# Aim of the exercise
Transcribe every line of the material below exactly, leaving out the pictures.
** Opening Dataset content block **
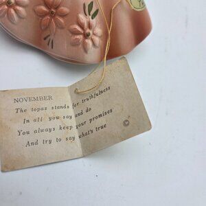 This vintage Josef Originals November Topaz Birthday Stone Figurine is a delightful nod to the 1950s style, making it a perfect addition to any room looking for a touch of nostalgia. The figurine features a lovely girl-like silhouette, beautifully rendered in a vibrant orange hue that captures the essence of the November birthstone, topaz.
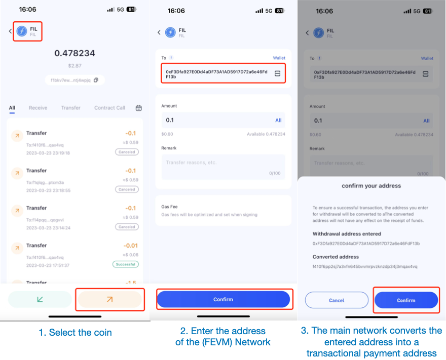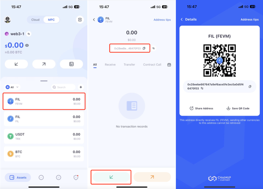 Steps to transfer FIL native network assets to FEVM with ChainUp Custody
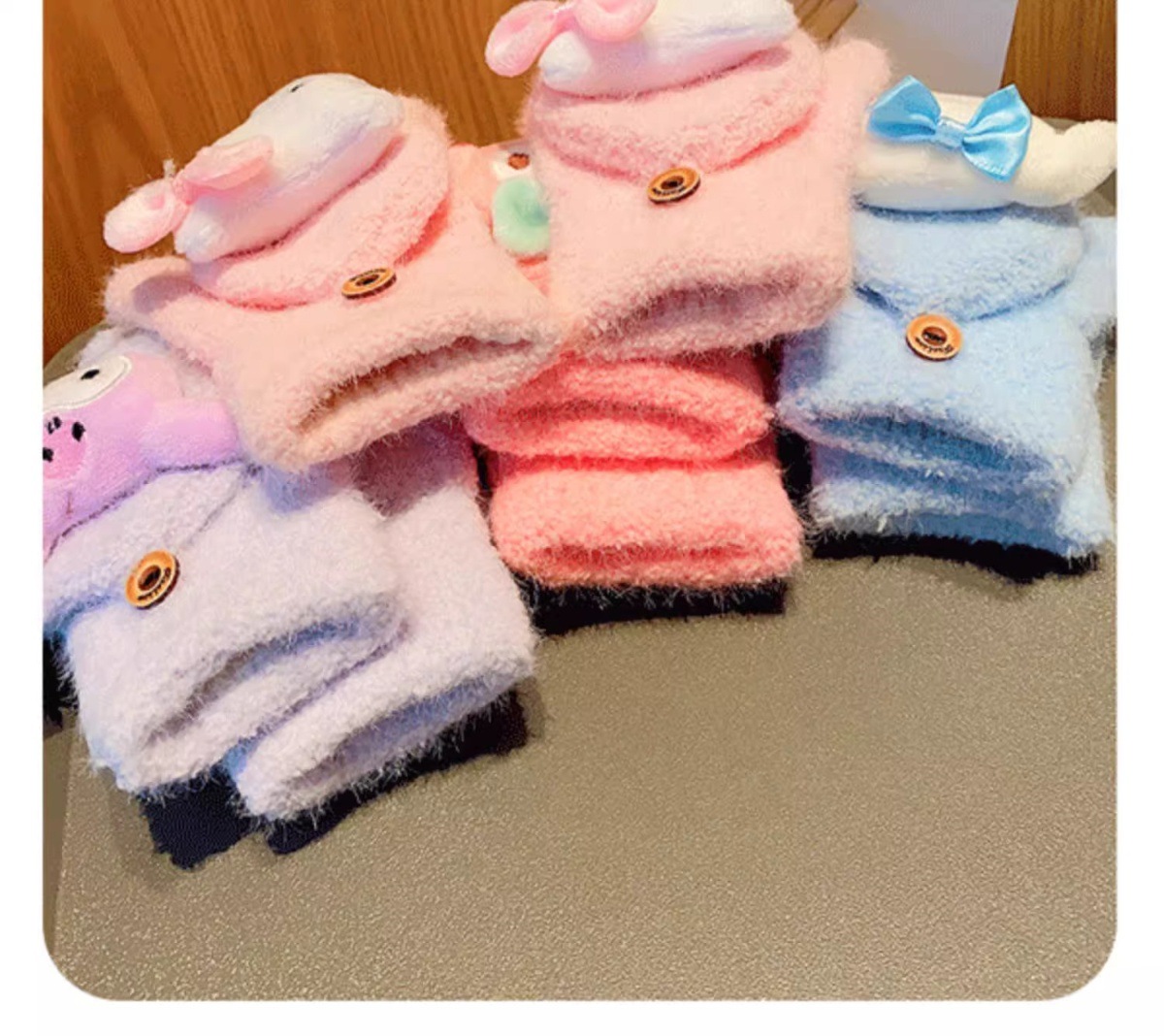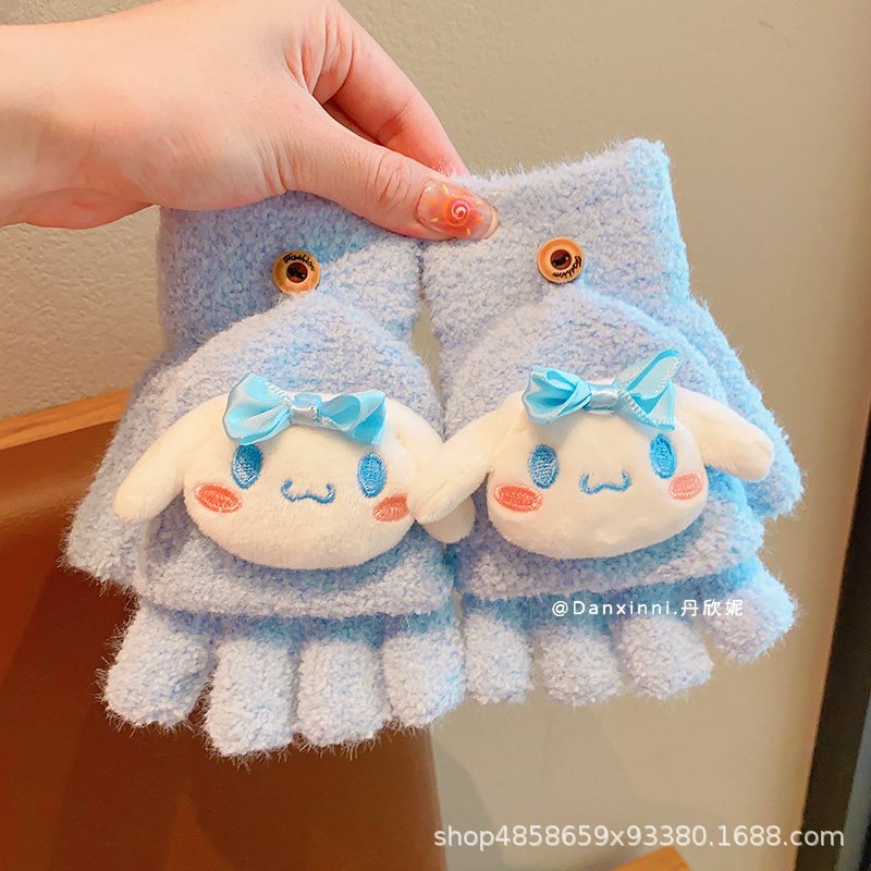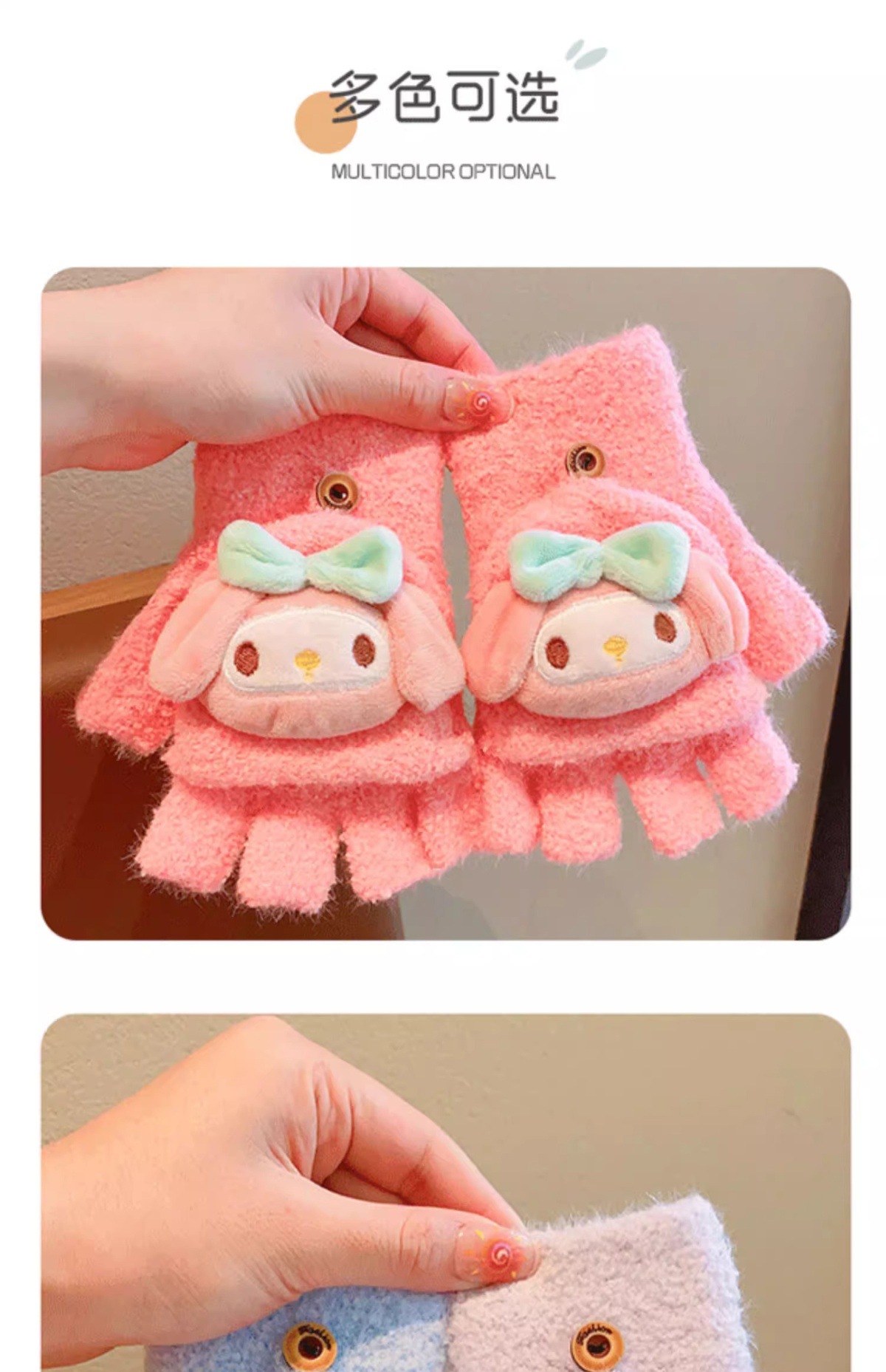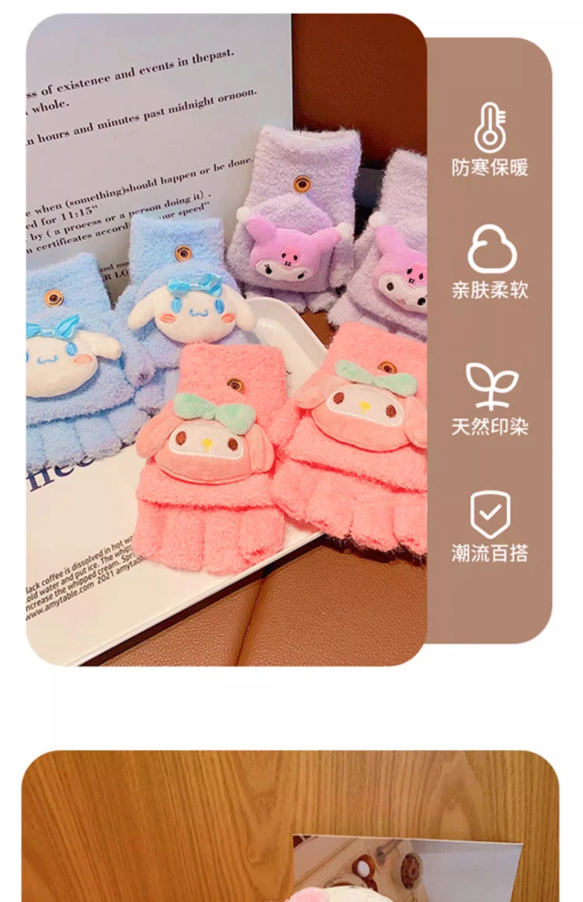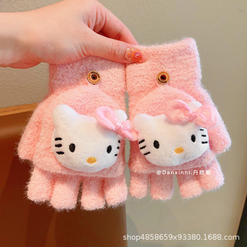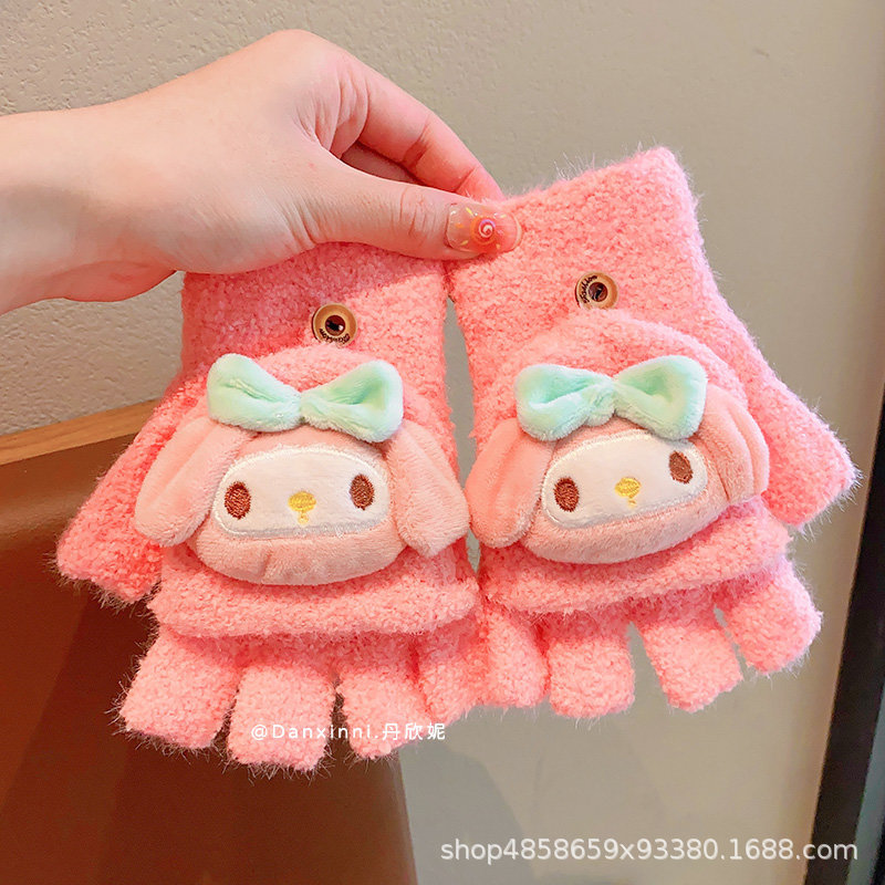 겨울 어린이 장갑 산리오 소년 소녀 다섯 손가락 장갑 방풍 및 따뜻한 초등학생 쓰기 및 손가락 방한
** Closing Dataset content block **
# Result for this task
 This vintage Josef Originals November Topaz Birthday Stone Figurine is a delightful nod to the 1950s style, making it a perfect addition to any room looking for a touch of nostalgia. The figurine features a lovely girl-like silhouette, beautifully rendered in a vibrant orange hue that captures the essence of the November birthstone, topaz.
 Steps to transfer FIL native network assets to FEVM with ChainUp Custody
 겨울 어린이 장갑 산리오 소년 소녀 다섯 손가락 장갑 방풍 및 따뜻한 초등학생 쓰기 및 손가락 방한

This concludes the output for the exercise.